Supersonic Transport vehicles will be needed IF we plan to perform interspace transport, as a vehicle will need to
accelerate to supersonic speeds to gain access to transport transfer stations in low orbit, then return with passengers.
These may not be very big, limited to mabye 20 passengers and crew for sub-orbital short term docking
& personel transfer with glide path return to earth station terminal ports.
I don't see them as a 'shuttle' like vertical launch operation consuming vast amounts of fuels to reach a service orbit,
but more of a 'piggy-back' platform where a mother ship takes off conventionally from a space support operations port,
flies to high speed and altitude and then releases it's corrier craft with an aerospike hypersonic drive engine to
acheive a velocity that will allow it to climb & shortly hesitate in space at the upper terminus of earth's gravity well.
duration without docking would be under 30 minutes in the proximity of a pre-positioned space port station.
Mechanical docking before orbit decay may extend it's linger time to over an hour becore breaking contact and re-entry of the vehicle.
The orbiting station will loose energy from each docking with a transport vehicle and will have to be re-accelerated daily to extend it's orbital capability.
We should be able to place and maintain orbital mechanics in the 350 mile altitude range and reach that position rather easily.
For example: most ICBM missles are flown to reach an altitude of approximately 750 miles before positioning
and release of the RV warhead, and from launchg/boost to final impact takes 25 minutes or less.
The Shuttle itself has effectivley reached it's low orbit position in 9 minutes from launch.

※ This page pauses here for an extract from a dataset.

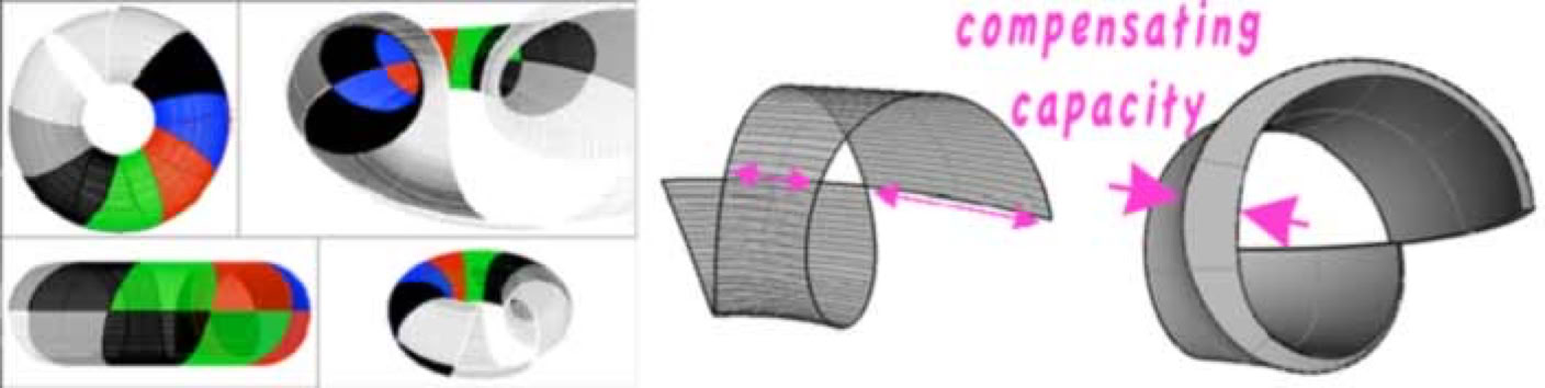 In 1992 i got my first PC (a 486 with DOS5 & Windows3.1) It took me a couple of years to acquire and learn 3D CAD software,( self trained and low budgeted). Coil visualization fascinated me and suddenly i had tools to explore new aspects of coils and combinations of helicity. Next is a graphic to show my meager attempts to "geometrically weigh" the imbalance of profile: I first tried to use vector based geometry but ended upconcluding that only raster or bit-mapped images could render the wanted profiles. However, my tracing software used to generate vector based software was lost through hardware and OS changes.So i gave up that minor aspect. I'm tired of relearning new software and paying for it. Then loosing it a few years later. I did verify the imbalances numerically, which did suggest that my assumptions of profile imbalance are valid, (geometrically measured).

We should be able to use a combination of mother ship to carry a transport vehicle to altitude in less than 20 minutes,
Aerospike thrust to reach 5,000 MPH & inertial coasting to reach nearly 100 miles altitude in another 10 minutes,
then the use of peroxide reactors (or hypergolic engines) to intercept and dock with the station in another 15 minutes or so.
Food for thought - technically we can do this now, (Rutan proved it) but the orbital transfer platforms have to be there first.